• _Task instructions_
Within the entries below, the lines from the one with "Fig. 5 - Cubierta" through the one with "У входа в Сесеро-Екатерининский канал" are to be set down exactly, both ends kept.

• _Records for the exercise_
+ + + + +
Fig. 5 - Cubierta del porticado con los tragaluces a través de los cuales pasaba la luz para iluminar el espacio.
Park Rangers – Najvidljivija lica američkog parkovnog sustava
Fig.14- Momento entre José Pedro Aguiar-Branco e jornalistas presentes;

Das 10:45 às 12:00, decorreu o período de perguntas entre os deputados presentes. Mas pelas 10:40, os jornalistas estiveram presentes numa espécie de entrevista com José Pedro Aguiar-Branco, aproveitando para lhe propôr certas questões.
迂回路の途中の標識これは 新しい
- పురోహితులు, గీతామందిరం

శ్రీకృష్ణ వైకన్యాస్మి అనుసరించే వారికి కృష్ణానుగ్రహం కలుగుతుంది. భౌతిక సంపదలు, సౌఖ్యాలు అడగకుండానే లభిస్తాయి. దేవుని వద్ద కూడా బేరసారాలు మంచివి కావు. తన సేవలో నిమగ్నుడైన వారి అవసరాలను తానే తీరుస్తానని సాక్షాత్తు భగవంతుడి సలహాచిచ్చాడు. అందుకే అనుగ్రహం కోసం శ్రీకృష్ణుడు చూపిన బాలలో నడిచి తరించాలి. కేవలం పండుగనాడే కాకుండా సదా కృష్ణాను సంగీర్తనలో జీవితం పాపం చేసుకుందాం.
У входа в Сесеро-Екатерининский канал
+ + + + +
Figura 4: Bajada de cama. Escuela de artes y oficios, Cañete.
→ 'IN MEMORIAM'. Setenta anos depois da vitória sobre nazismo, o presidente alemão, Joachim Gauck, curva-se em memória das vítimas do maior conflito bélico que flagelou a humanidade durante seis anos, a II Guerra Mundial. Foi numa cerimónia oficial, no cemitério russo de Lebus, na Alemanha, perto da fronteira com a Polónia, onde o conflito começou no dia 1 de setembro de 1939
+ + + + +
• _The completed task_
Fig. 5 - Cubierta del porticado con los tragaluces a través de los cuales pasaba la luz para iluminar el espacio.
Park Rangers – Najvidljivija lica američkog parkovnog sustava
Fig.14- Momento entre José Pedro Aguiar-Branco e jornalistas presentes;

Das 10:45 às 12:00, decorreu o período de perguntas entre os deputados presentes. Mas pelas 10:40, os jornalistas estiveram presentes numa espécie de entrevista com José Pedro Aguiar-Branco, aproveitando para lhe propôr certas questões.
迂回路の途中の標識これは 新しい
- పురోహితులు, గీతామందిరం

శ్రీకృష్ణ వైకన్యాస్మి అనుసరించే వారికి కృష్ణానుగ్రహం కలుగుతుంది. భౌతిక సంపదలు, సౌఖ్యాలు అడగకుండానే లభిస్తాయి. దేవుని వద్ద కూడా బేరసారాలు మంచివి కావు. తన సేవలో నిమగ్నుడైన వారి అవసరాలను తానే తీరుస్తానని సాక్షాత్తు భగవంతుడి సలహాచిచ్చాడు. అందుకే అనుగ్రహం కోసం శ్రీకృష్ణుడు చూపిన బాలలో నడిచి తరించాలి. కేవలం పండుగనాడే కాకుండా సదా కృష్ణాను సంగీర్తనలో జీవితం పాపం చేసుకుందాం.
У входа в Сесеро-Екатерининский канал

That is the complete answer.